Передо мной трусили обе других крестьянских телеги. Спустя долгое время они остановились. Унтер-офицер гамбуржцев Эбельт подошел ко мне и заметил, что теперь нам следовало бы спрыгнуть с телег и прокрадываться к Нойгуту – Ах, да ну, – проворчал я, – там же ничего не происходит. Мы уж точно заметим это, если по нам начнут стрелять. Эбельт засмеялся: – Тогда двигаемся дальше. И мы двигались дальше, немного внимательнее, чем до сих пор. Но ничего не шевелилось в Нойгуте.

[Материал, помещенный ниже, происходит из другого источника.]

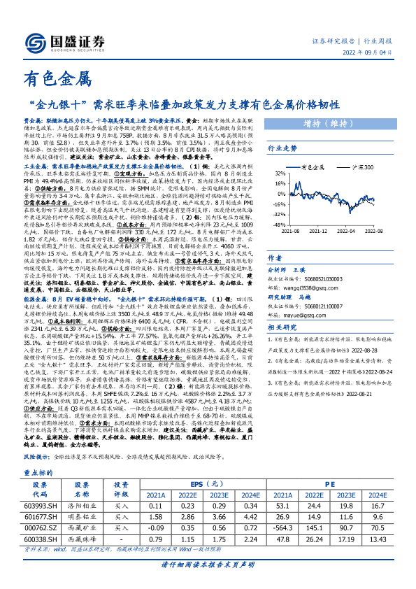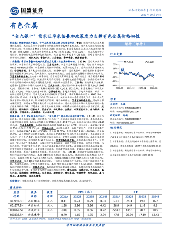 【国盛证券】【20220904】20220904-国盛证券-有色金属行业周报:“金九银十”需求旺季来临叠加政策发力支撑有色金属价格韧性-20页

Первые дома появились на дороге. Мы с удовольствием бежали вперед. Несколько кур перепорхнуло через забор. – Эй, пан, – закричал Эбельт и щелкнул плеткой. Из двери первого дома высунулся взлохмаченный крестьянин и сразу исчез, когда увидел нас. Эбельт засмеялся, и мы двинулись дальше. Скоро мы были в городке. Никого нельзя было увидеть. Все же, в одном из домов возле рынка у окна стояла девушка; Эбельт окликнул ее, и она также немедленно вышла. Это была очень красивая девушка, одетая по-городскому, не какая-то там латышская деревенщина. Мы все широко раскрыли глаза. И девушка говорила по-немецки! Господь Бог, у нее был звучный голос! Нет, большевиков уже не было, слава Богу, ушли еще вчера вечером. Вероятно, там сзади на фольварках, там еще могли бы быть некоторые. Она беженка. Живет у аптекаря. Нет, она сама русская, но аптекарь – балтийский немец. Красные плохо вели себя в городке. – Но теперь вы же тут, – смеялась она. Эбельт хрюкнул удовлетворено. Но нам нужно осмотреть все вплоть до фольварков. Потом мы вернемся. – Значит, пока, – кивнула она и махала вслед нам, когда мы катились дальше.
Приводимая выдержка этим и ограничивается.